**THE DATA**
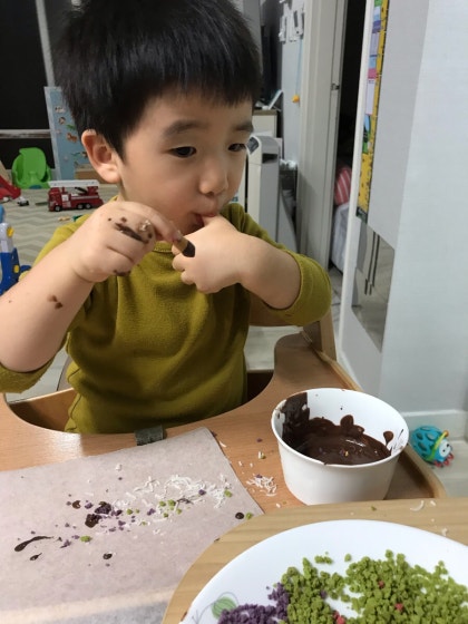 수아도 만들어볼게~ 하고 수아도 초코를 중탕해서 옆으로 준비하고 막대과자도 줬더니 초코를 막대과자에 찍어 일렬 종대로 세워놨다.
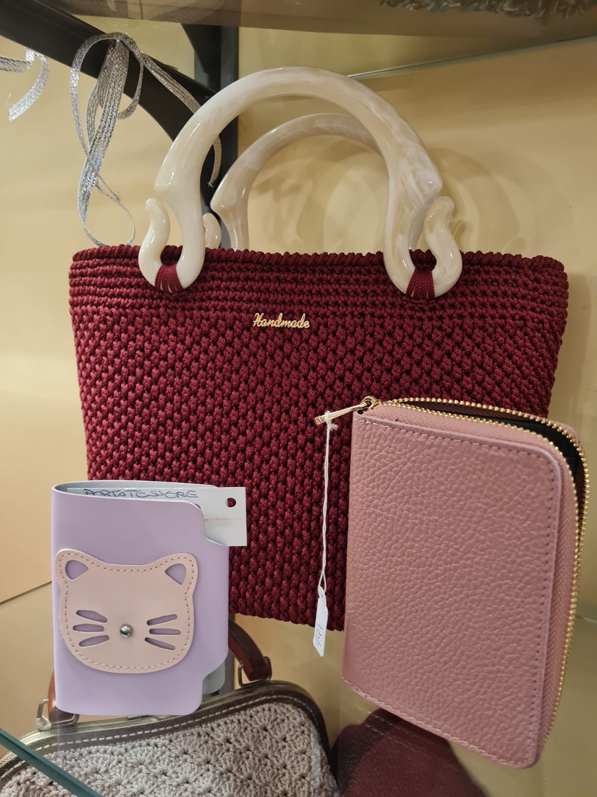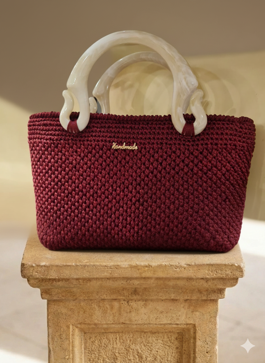 Colore e Texture: La borsa presenta una ricca tonalità Borgogna o Rosso Maraschino, realizzata con una fitta e strutturata lavorazione a maglia (crochet), che le conferisce corpo e resistenza.
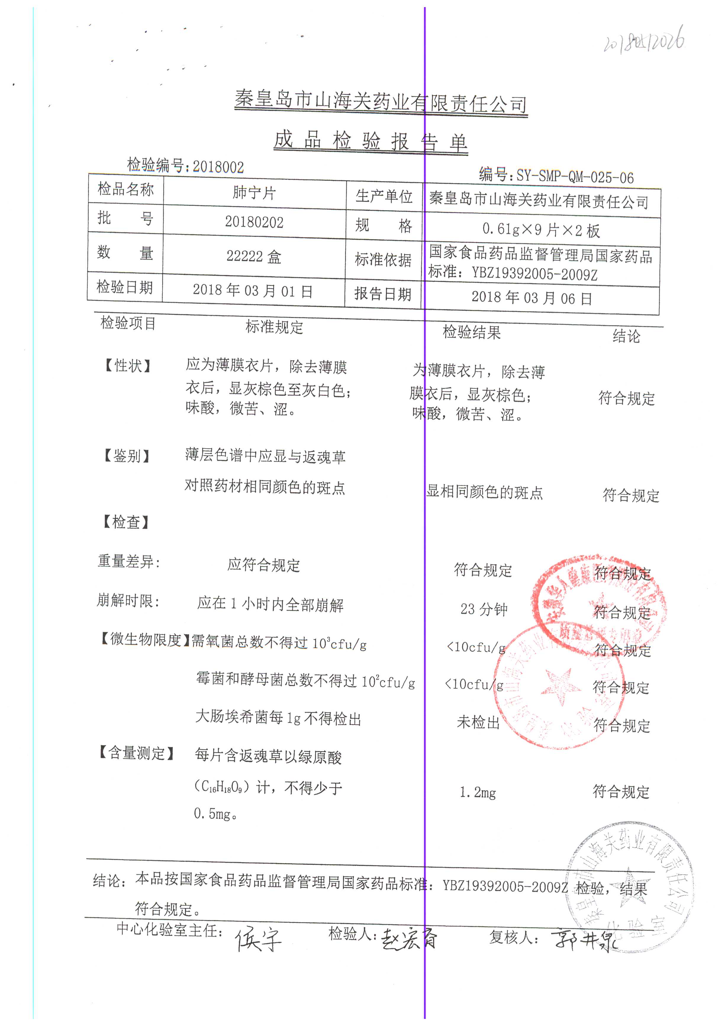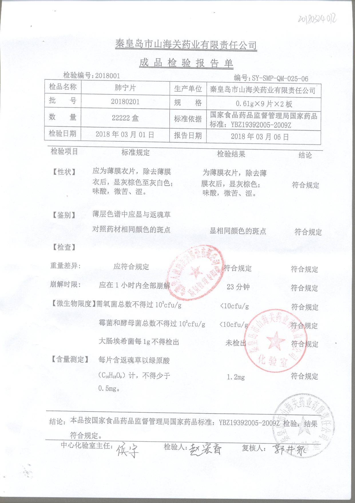 | 肺寧片 | 0.61g*18s | 20181201 | 查看詳情 |
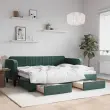 vidaXL Izvlečna dnevna postelja s predali temno zelena 80x200 cm žamet
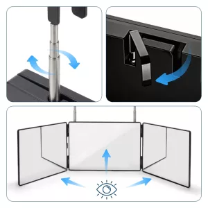 Ortorex trifold mirror quickly and easily solves daily grooming struggles. Adjust the height for full visibility while styling or shaving. Fold it flat to fit in bags and drawers for travel. Find clear reflections for haircuts, make-up, or skincare every day.
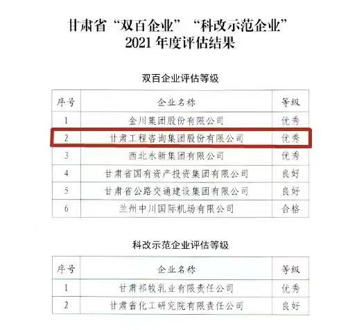 甘肅工程咨詢集團獲甘肅省2021年度“雙百企業(yè)”評估“優(yōu)秀”等級
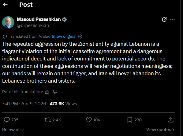 大公文匯全媒體報道,當地時間9日下午,伊朗總統佩澤希齊揚通過其個人社交賬號發文表示,以色列對黎巴嫩的「反覆侵犯」是對初步停火協議的公然違背,也釋放出其在未來可能達成的協議中存在「欺詐與不履行承諾行為」的危險信號。
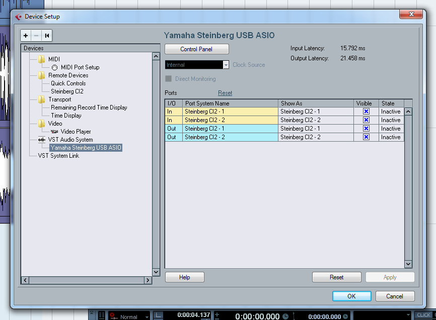 Если пропустили при открытии проекта - можете найти эти настройки в F4 - VST Connections - Inputs/Outputs/Studio.
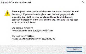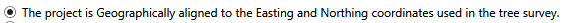 Landscape projects should be geographically located so that Existing Trees can be aligned automatically using Easting and Northing coordinates used in the tree survey. If the project has been geographicaly aligned to the Easting and Northing coordinates in the Existing Tree Survey, select the associated radio button.
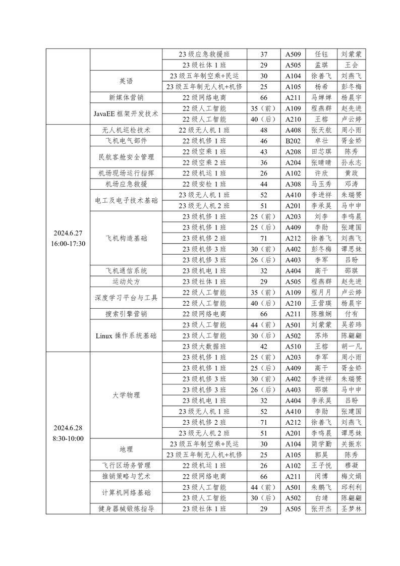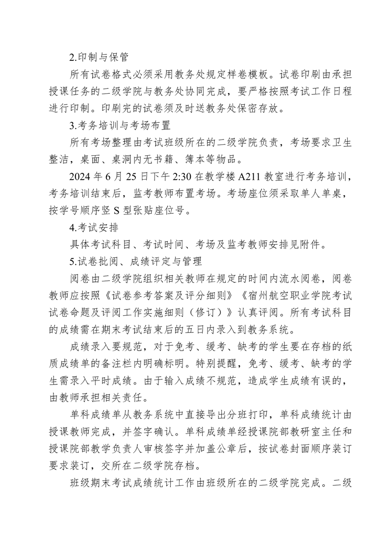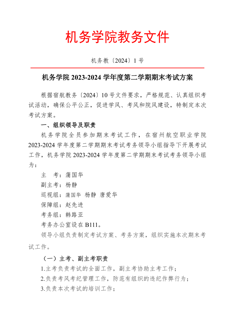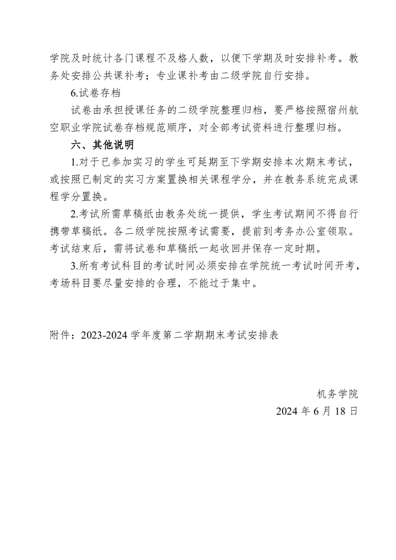 机务学院2023-2024学年度第二学期期末考试方案
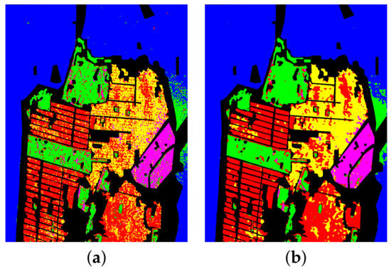 The classification of PolSAR images can be divided into unsupervised, supervised and semi-supervised classification methods. Van Zyl [2] proposed the first unsupervised classification algorithm, which compares the polarization characteristics of each image pixel with the simple scattering categories (such as even scattering, odd scattering and diffuse scattering) to classify scattering behaviors. The algorithm provides useful information about different ground objects. Pottier and Cloude [3] proposed an unsupervised classification algorithm based on target decomposition theory. The target entropy (H) and the target average scattering mechanism (scattering angle: alpha) are first calculated with the coherence matrix T; then, the two-dimensional plane constructed by H and alpha is divided into eight intervals which respectively represent the objects with different physical scattering characteristics. Thus, it can achieve eight categories of object classification. However, due to the pre-set region boundaries on the H and alpha planes, the classification results lack details, clusters may fall on the boundaries and a region may contain multiple clusters. Subsequently, Lee et al. [4] proposed a new unsupervised classification method that combines the polarization target decomposition and maximum likelihood classifier with a complex Wishart distribution [5]. The classification result from H/alpha decomposition [3] is used for the initial clusters; then, the K-means algorithm is used to iterate the initial clusters to obtain the final classification result. Because of its computational efficiency and generally good performance, it has become the preferred benchmark algorithm, but its classification process completely relies on K-means clustering which may lead to convergence to a local optimum. Later, Lee [6] proposed a complex Wishart unsupervised classification based on Freeman–Durden decomposition. The first step is to apply Freeman–Durden decomposition to divide pixels into three types of scattering: surface scattering, volume scattering and double bounce scattering. Each type of scattering is initialized to 30 clusters according to the scattering intensity. Finally, with the merging criterion based on the Wishart distance, the initial small clusters are merged to several large clusters for each scattering category. The convergence stability of this algorithm is better than the previous H/alpha-Wishart classification algorithm, and the uniform scattering mechanism of the class is retained. In addition, the algorithm is also flexible in terms of selecting the number of classifications. However, this method easily misclassifies the human target buildings and rough surfaces of double bounce scattering as volume scattering. In 2015, Guo et al. [7] proposed an unsupervised classification method for compact polarimetric SAR (C-PolSAR) images, which improved the classification results.

**TASK ITEM**
The whole listing is to be retyped exactly, with its pictures removed.

**OUTPUT FOR THIS EXERCISE**
 수아도 만들어볼게~ 하고 수아도 초코를 중탕해서 옆으로 준비하고 막대과자도 줬더니 초코를 막대과자에 찍어 일렬 종대로 세워놨다.
 Colore e Texture: La borsa presenta una ricca tonalità Borgogna o Rosso Maraschino, realizzata con una fitta e strutturata lavorazione a maglia (crochet), che le conferisce corpo e resistenza.
 | 肺寧片 | 0.61g*18s | 20181201 | 查看詳情 |
 vidaXL Izvlečna dnevna postelja s predali temno zelena 80x200 cm žamet
 Ortorex trifold mirror quickly and easily solves daily grooming struggles. Adjust the height for full visibility while styling or shaving. Fold it flat to fit in bags and drawers for travel. Find clear reflections for haircuts, make-up, or skincare every day.
 甘肅工程咨詢集團獲甘肅省2021年度“雙百企業(yè)”評估“優(yōu)秀”等級
 大公文匯全媒體報道,當地時間9日下午,伊朗總統佩澤希齊揚通過其個人社交賬號發文表示,以色列對黎巴嫩的「反覆侵犯」是對初步停火協議的公然違背,也釋放出其在未來可能達成的協議中存在「欺詐與不履行承諾行為」的危險信號。
 Если пропустили при открытии проекта - можете найти эти настройки в F4 - VST Connections - Inputs/Outputs/Studio.
 Landscape projects should be geographically located so that Existing Trees can be aligned automatically using Easting and Northing coordinates used in the tree survey. If the project has been geographicaly aligned to the Easting and Northing coordinates in the Existing Tree Survey, select the associated radio button.
 机务学院2023-2024学年度第二学期期末考试方案
 The classification of PolSAR images can be divided into unsupervised, supervised and semi-supervised classification methods. Van Zyl [2] proposed the first unsupervised classification algorithm, which compares the polarization characteristics of each image pixel with the simple scattering categories (such as even scattering, odd scattering and diffuse scattering) to classify scattering behaviors. The algorithm provides useful information about different ground objects. Pottier and Cloude [3] proposed an unsupervised classification algorithm based on target decomposition theory. The target entropy (H) and the target average scattering mechanism (scattering angle: alpha) are first calculated with the coherence matrix T; then, the two-dimensional plane constructed by H and alpha is divided into eight intervals which respectively represent the objects with different physical scattering characteristics. Thus, it can achieve eight categories of object classification. However, due to the pre-set region boundaries on the H and alpha planes, the classification results lack details, clusters may fall on the boundaries and a region may contain multiple clusters. Subsequently, Lee et al. [4] proposed a new unsupervised classification method that combines the polarization target decomposition and maximum likelihood classifier with a complex Wishart distribution [5]. The classification result from H/alpha decomposition [3] is used for the initial clusters; then, the K-means algorithm is used to iterate the initial clusters to obtain the final classification result. Because of its computational efficiency and generally good performance, it has become the preferred benchmark algorithm, but its classification process completely relies on K-means clustering which may lead to convergence to a local optimum. Later, Lee [6] proposed a complex Wishart unsupervised classification based on Freeman–Durden decomposition. The first step is to apply Freeman–Durden decomposition to divide pixels into three types of scattering: surface scattering, volume scattering and double bounce scattering. Each type of scattering is initialized to 30 clusters according to the scattering intensity. Finally, with the merging criterion based on the Wishart distance, the initial small clusters are merged to several large clusters for each scattering category. The convergence stability of this algorithm is better than the previous H/alpha-Wishart classification algorithm, and the uniform scattering mechanism of the class is retained. In addition, the algorithm is also flexible in terms of selecting the number of classifications. However, this method easily misclassifies the human target buildings and rough surfaces of double bounce scattering as volume scattering. In 2015, Guo et al. [7] proposed an unsupervised classification method for compact polarimetric SAR (C-PolSAR) images, which improved the classification results.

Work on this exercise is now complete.